As shown in FIGS. 3 to 8, the ultrasonic emission surface 122 may have a variety of shapes such as a circular shape, a linear structure including a linear part and a semicircular part, and the like. Accordingly, a variety of arrangements of the ultrasonic generation unit 120 and the radio frequency generation unit 130 may be implemented.

As shown in FIGS. 1 and 2, the ultrasonic generation unit 120 may be installed in the handpiece body 110, specifically, the cartridge portion, and generate an ultrasonic wave so as to emit the ultrasonic wave toward skin through the ultrasonic emission surface 122. In detail, the ultrasonic generation unit 120 may be a transducer configured to generate a focused ultrasonic wave and form a thermal lesion and may emit the focused ultrasonic wave toward the skin through the ultrasonic emission surface 122.

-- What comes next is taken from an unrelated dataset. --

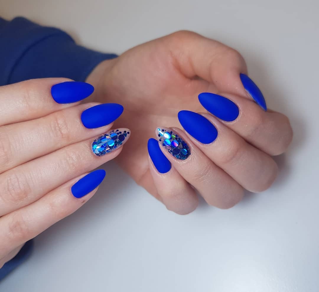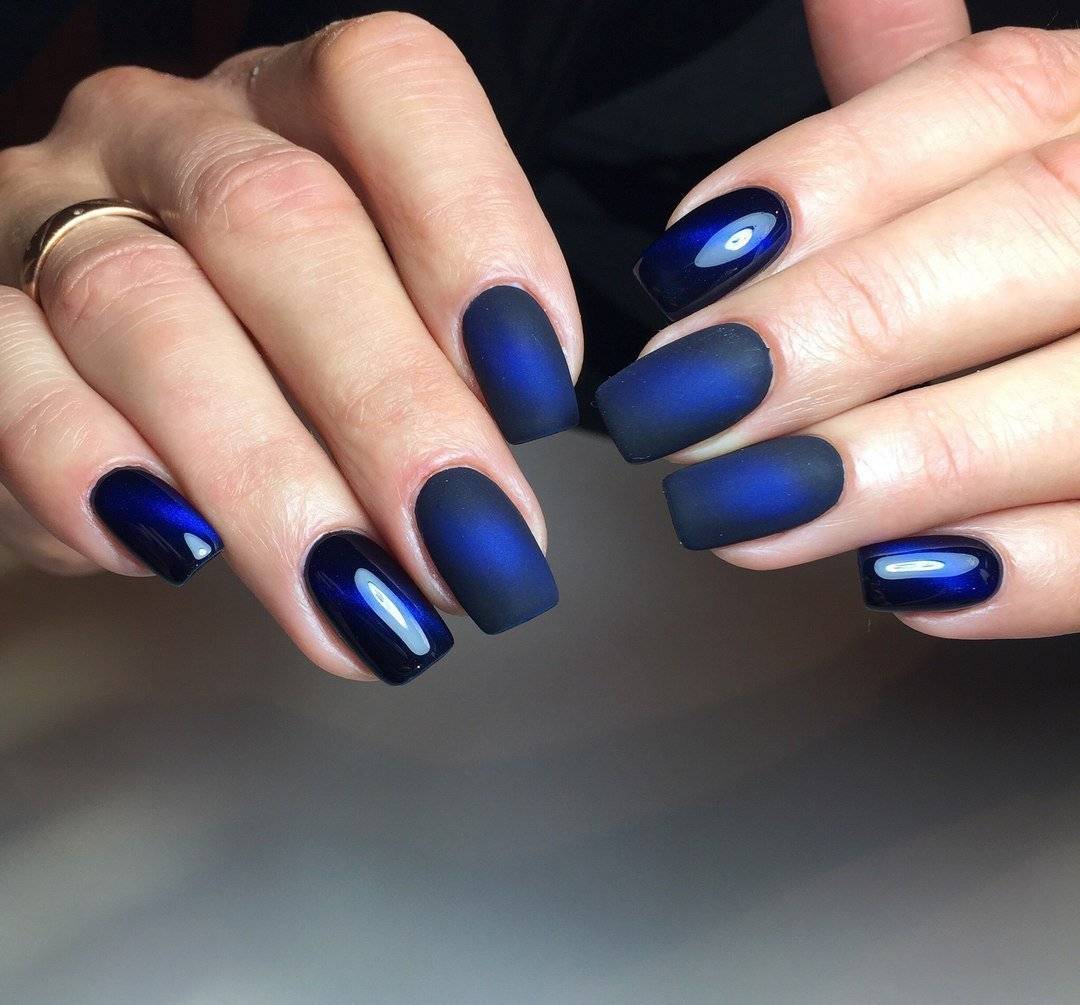 С приходом осени и зимы набирают популярность более темные оттенки. Маникюр осень-зима 2022 пишется темно-синими чернилами. Интенсивные оттенки, такие как ультрамариновый синий, матово-синий сапфир или гипнотический безграничный бирюзово-синий будут модным трендом маникюра на осень 2022.

The above-described focused ultrasonic wave may be emitted toward thin skin tissue to be used for face lifting or skin tightening treatment and may be emitted toward a subcutaneous layer to be used for obesity treatment which burns or melts and splits fatty tissue.

Accordingly, since a focal depth of the focused ultrasonic wave is set to be different according to a purpose of treatment, the cartridge portion including the ultrasonic generation unit set with a different focal depth may be replaced. As shown in FIGS. 3 and 7, the radio frequency generation unit 130 may be disposed at the one end of the handpiece body 110 on the periphery of the ultrasonic emission surface 122 and may generate a radio frequency. In other words, the radio frequency generation unit 130 may generate a radio frequency using a radio frequency electrode 132 and apply a radio frequency current to the skin.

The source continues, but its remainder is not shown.